--- START ---
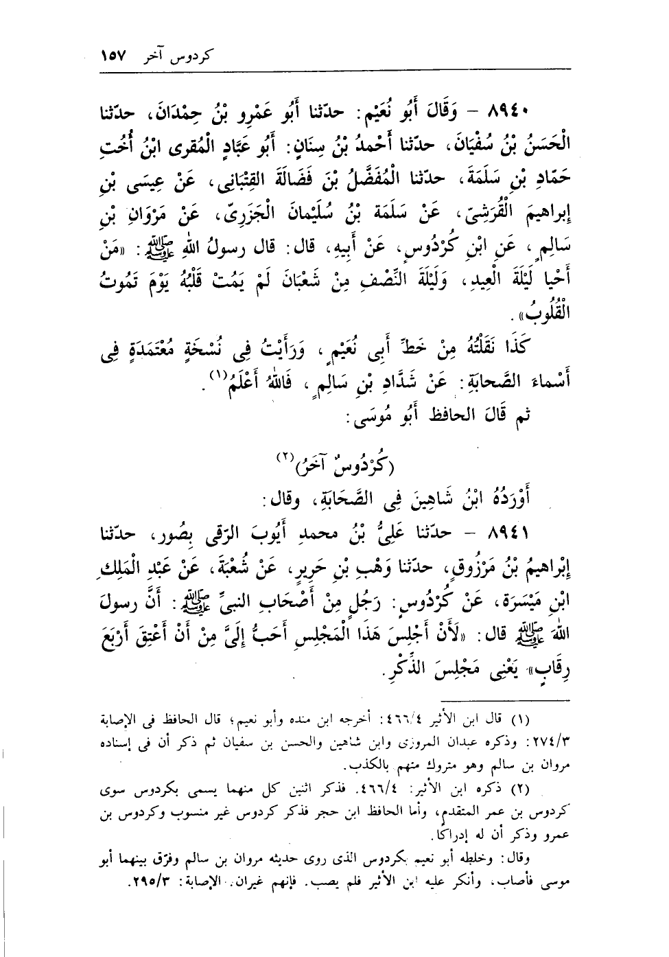 (¬2) ذكره ابن الأثير، 4/466. فذكر اثنين كل منهما يسمى بكردوس سوى كردوس بن عمر المتقدم، وأما الحافظ ابن حجر فذكر كردوس غير منسوب وكردوس بن عمرو وذكر أن له إدراكاً.
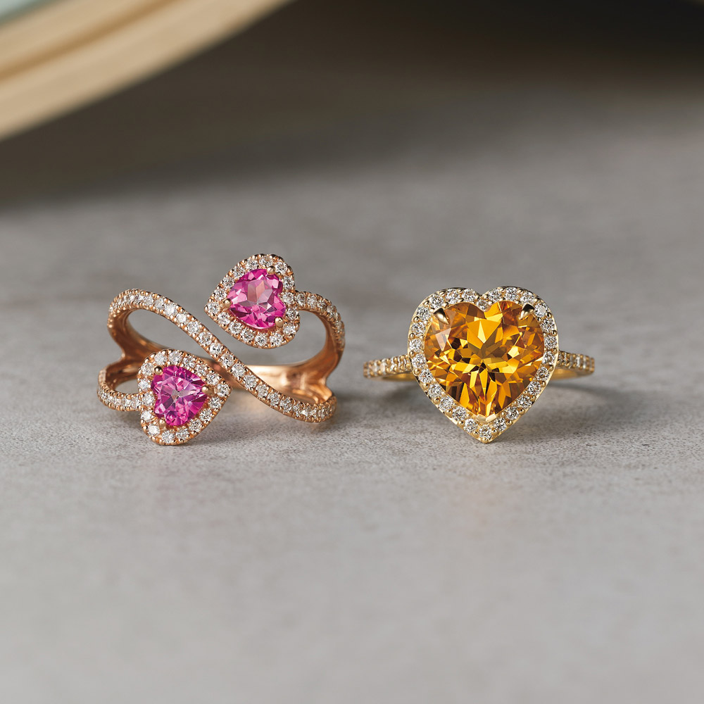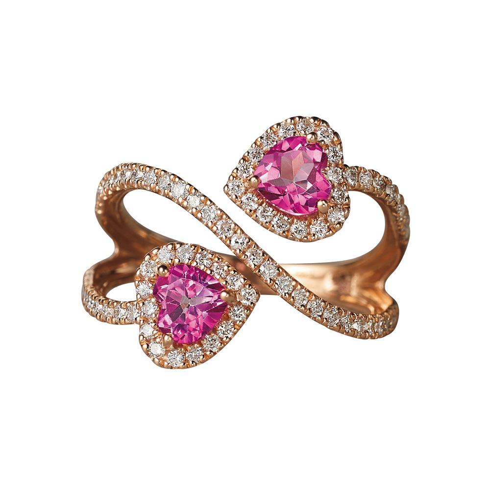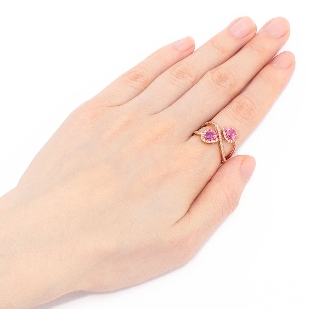 K18 カラーストーン・ダイヤ ダブルハートリング ダイヤモンド ジュエリー アクセサリー J78802
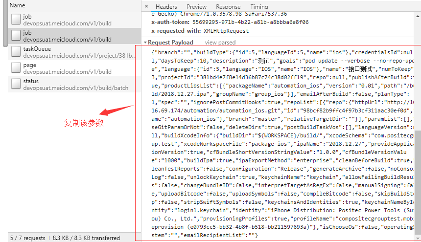 7. 然后通过手工请求,获取请求参数,这里可以直接使用F12调试,获取实际请求参数就行,不用通过fiddler获取,拷贝请求参数,因为是json格式,还是需要通过格式转换,如图所示
--- END ---
◆ Task brief ◆
The aim is an exact repeat of the entire listing, stripped of pictures.

◆ Answer to the exercise ◆
 (¬2) ذكره ابن الأثير، 4/466. فذكر اثنين كل منهما يسمى بكردوس سوى كردوس بن عمر المتقدم، وأما الحافظ ابن حجر فذكر كردوس غير منسوب وكردوس بن عمرو وذكر أن له إدراكاً.
 K18 カラーストーン・ダイヤ ダブルハートリング ダイヤモンド ジュエリー アクセサリー J78802
 7. 然后通过手工请求,获取请求参数,这里可以直接使用F12调试,获取实际请求参数就行,不用通过fiddler获取,拷贝请求参数,因为是json格式,还是需要通过格式转换,如图所示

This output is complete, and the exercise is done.